The best jokes I receive each week are from you folks.
If you get a good joke please pass it on to me, I enjoy
a good laugh and it cut down the work.  If you don't get
you Sunday Laughs, or want a back issue, drop me a note.

Go to http://jokelibrary.net/a_joke_library.html
to read the great jokes you have sent me through the years.
Subj:     Guinness Book of Records
          From: darrellvip on 5/1/2008

 If you would like to see the world's records for the biggest 
 and the tallest, this PowerPoint Show is wonderful.  Click 
 below to view it on my site.


                           -(o o)-
Subj:     16 Signs That You Are Having A Bad Day
          From: rfslick on 4/27/2008

 These sixteen cat pictures and sayings are quite cute. 
 You can view them on my web site by clicking below.
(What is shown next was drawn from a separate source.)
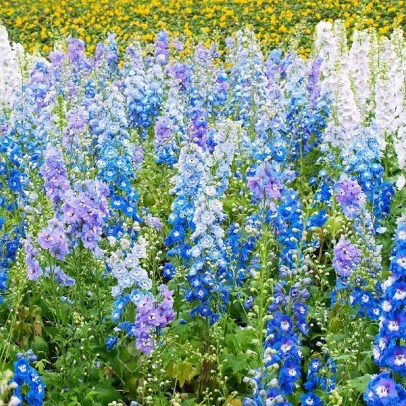 飛燕草植株較高,花朵比較小,成串生長,密集的遍布花桿上,花色主要有藍色、粉色、白色、紫色等,清新亮麗,非常討喜,這種花卉多種植于公園、景區(qū)等地。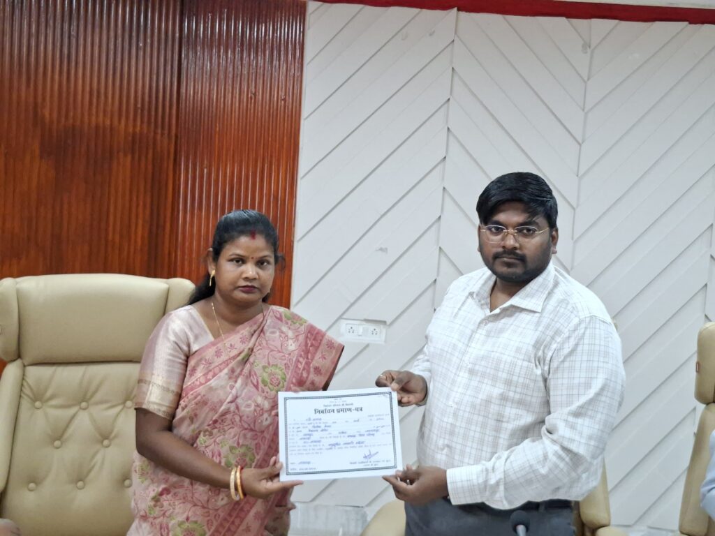 जिला परिषद अध्यक्ष पद हेतु एक अभ्यर्थी दीपिका बेसरा के द्वारा नामांकन प्रपत्र दाखिल किया गया। नामांकन प्रपत्र दाखिल करने के उपरांत संवीक्षा एवं राज्य निर्वाचन आयोग के गाइडलाइन के अनुरूप सभी प्रक्रियाओं को विधिसम्मत तरीके से पूर्ण कराया गया। जिला परिषद अध्यक्ष के पद पर श्रीमती दीपिका बेसरा को निर्विरोध निर्वाचित घोषित किया गया। उपायुक्त द्वारा नवनिर्वाचित जिला परिषद अध्यक्ष को प्रमाण पत्र सौंपा गया साथ ही उन्हें पद एवं गोपनीयता की शपथ दिलाई गई।

                           -(o o)-
Subj:     Classic Peanuts By Charles Schultz
          From: WashingtonPost on 4/27/2008
 Source: http://members.comics.com/members/common

 You can view this Classic Peanuts comic strip about 
 psychology on my web site by clicking below.


                           -(o o)-
Subj:     Nine Amazing Trees
          From: ginafm on 4/29/2008

 You can view these nine pictures of amazing trees on my web
 site by click below.


                           -(o o)-
Subj:     The Blind Play Golf
          From: szalay on 6/18/2003
      and From: darrellvip on 5/2/2008

 A pastor, a doctor, a lawyer and an engineer were playing
 golf.  The foursome, who were very low-handicapped players,
 were playing on their normal golf course.  Unusually, the
 play was very slow and the players began to get frustrated.
 By the tenth hole, they began firing their tee shots at the
 foursome ahead of them, who were constantly in the woods
 and were the root cause of the slow play.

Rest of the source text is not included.